Grief is often described as something that comes in waves, and 2020 feels like a grief tsunami. We are still in the acute trauma of two public health emergencies (COVID and racism) that are compounded throughout the U.S. by climate-change-enhanced natural disasters.
In the past month, Washington lost Sarah Leyrer, a dedicated legal aid attorney who spent her life fighting for immigrants and workers. I only knew her casually, but even casually, you could feel her warmth and compassion. Friends describe a person who went out of her way to help and support her coworkers, friends and the communities she served. Her death was a tragic accident caused because another driver had a stroke and crashed into her parked car.
It feels so unfair to lose someone in the prime of her life who fought so hard for others.
In the past month, Chadwick Boseman also died. The actor played the Black Panther and many other important Black men.
He died from cancer at only 43 years old. It can feel misplaced to mourn the loss of a stranger, but his death hits many of us hard.
The Black Panther represented the best in humanity — a leader who listened to the voices of the people he loved, saw the humanity in his enemy and made tangible changes to be and do better. Then there was the grace the superhero demonstrated by showing his enemy a sunset as he died.
Boseman and movies like “Black Panther” play a role in interrupting the unconscious bias of non-Black people. Far better sources than this white woman describe his importance to the Black community, from Nehemiah D. Frank, and Africans, from Ifeanyi Nsofor
It has been six months since the death of Breonna Taylor. The New York Times just released a documentary about her death and continues to do reporting as the details unfold.

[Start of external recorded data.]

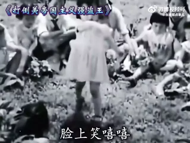 “美国佬是强盗,脸上笑嘻嘻,背后挂大刀,见了好东西,什么都想要,要不到他就抢,霸了土地占了房,杀人放火样样干,他的野心比天大,想拖住那地球往家里搬;全世界的小朋友要勇敢,不管他有多么凶,我们的力量比他强,大家齐心团结紧,打倒美帝国主义强盗王。”
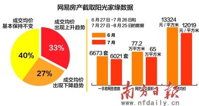 网易房产截取阳光家缘数据,抽调了100个楼盘的成交均价和7月进行对比,结果显示,有33%的楼盘成交均价出现上升趋势,和上月一样;有27%的楼盘成交均价出现了下降,比上月的33%减少了6%;40%的楼盘成交均价则基本保持不变。
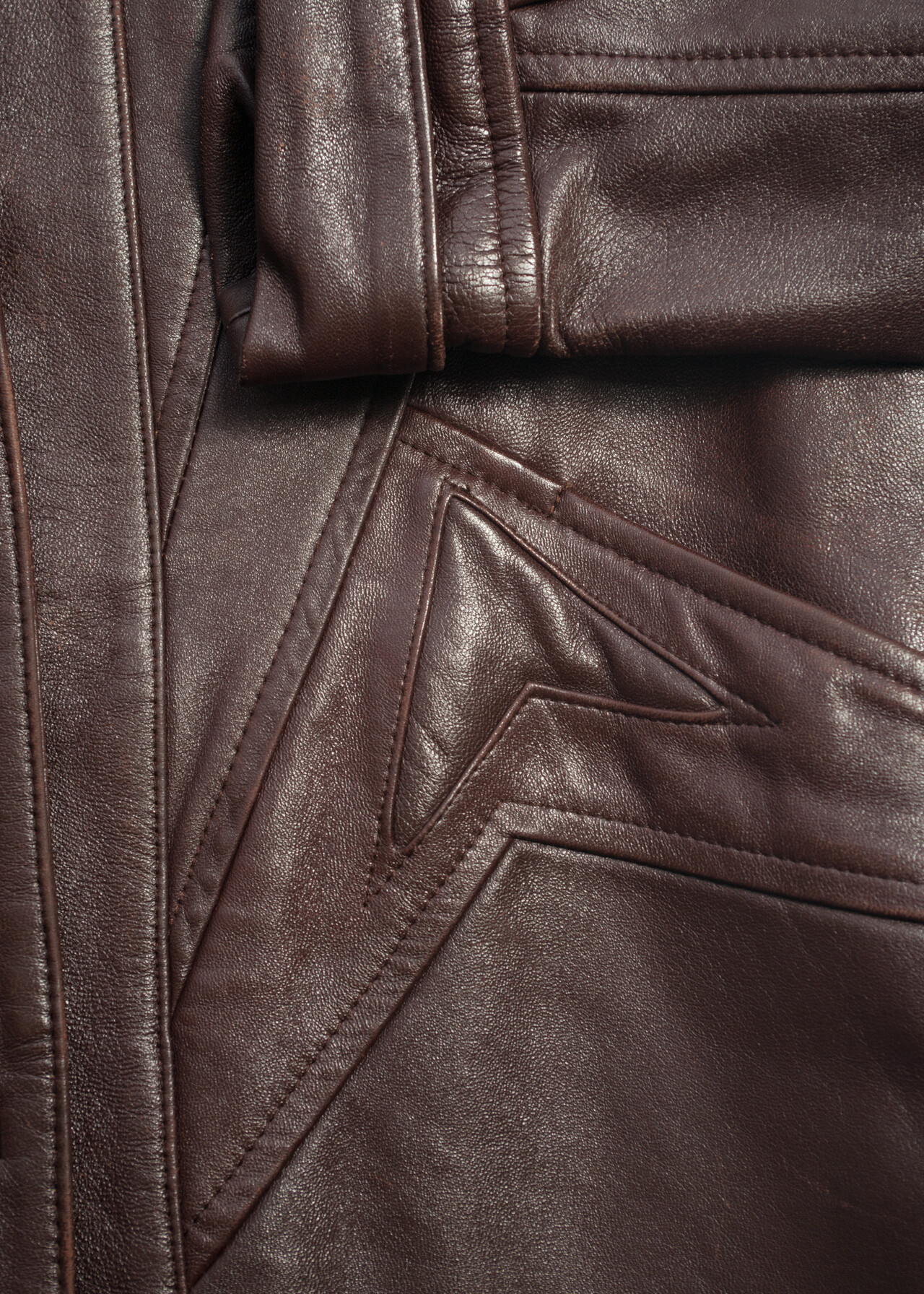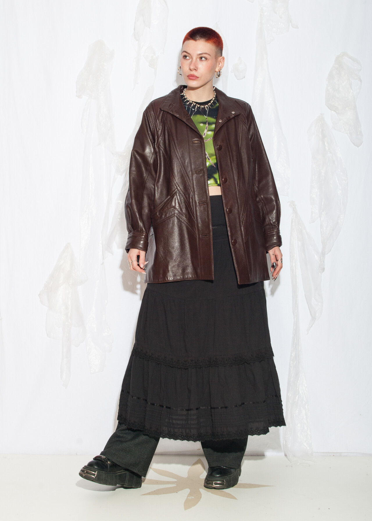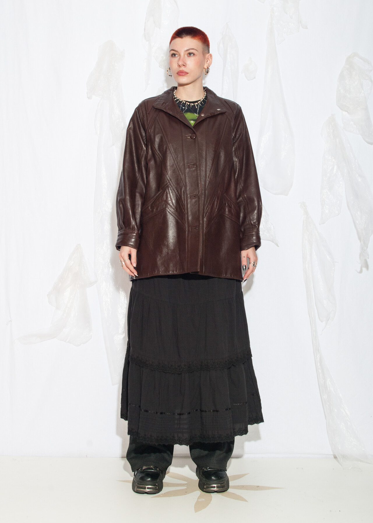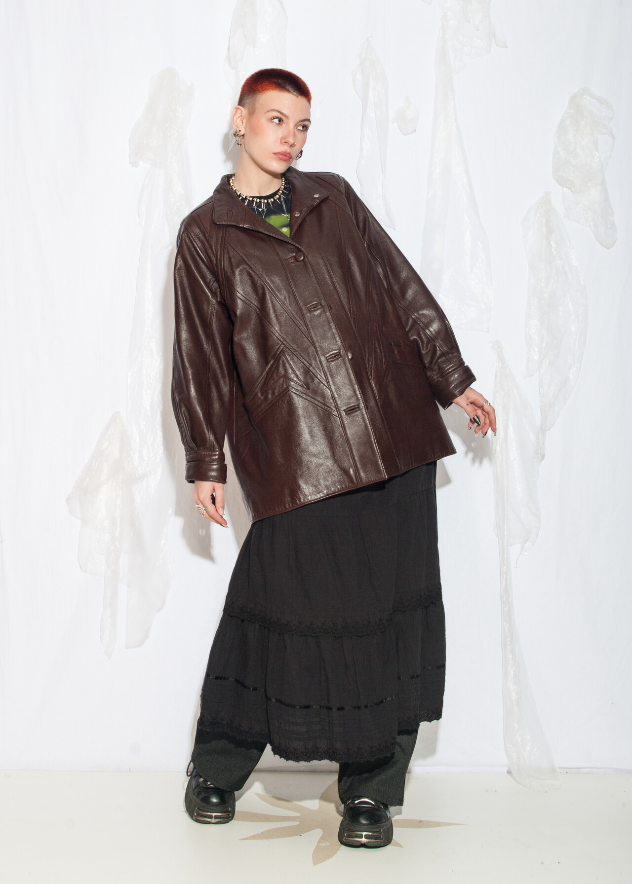 Tags: 80s vintage fashion, alt punk look, brown leather coat, chunky jacket, European vintage, maroon brown, oversized parka, whimsigoth, y2k grunge outfit

The documentary reveals incompetence so profound it should result in the loss of numerous jobs and the loss of liberty for many. It also shows the love of family and friends. It connects us with their grief and heartbreak. It centers us in her humanity.
Grief feels like constant company for 2020: tragic and sudden death, cancer, police killings (at least 693 this year), the coronavirus, which has claimed almost 890,000 lives globally, and the West Coast literally on fire. It is hard to get through the stages of grief because of the magnitude.
If there is any good that can come from 2020, perhaps it is the way tragedy connects us.
Tragedy and public health emergencies lay bare the truth that individualism can never save us.
Our only hope is our interconnectedness.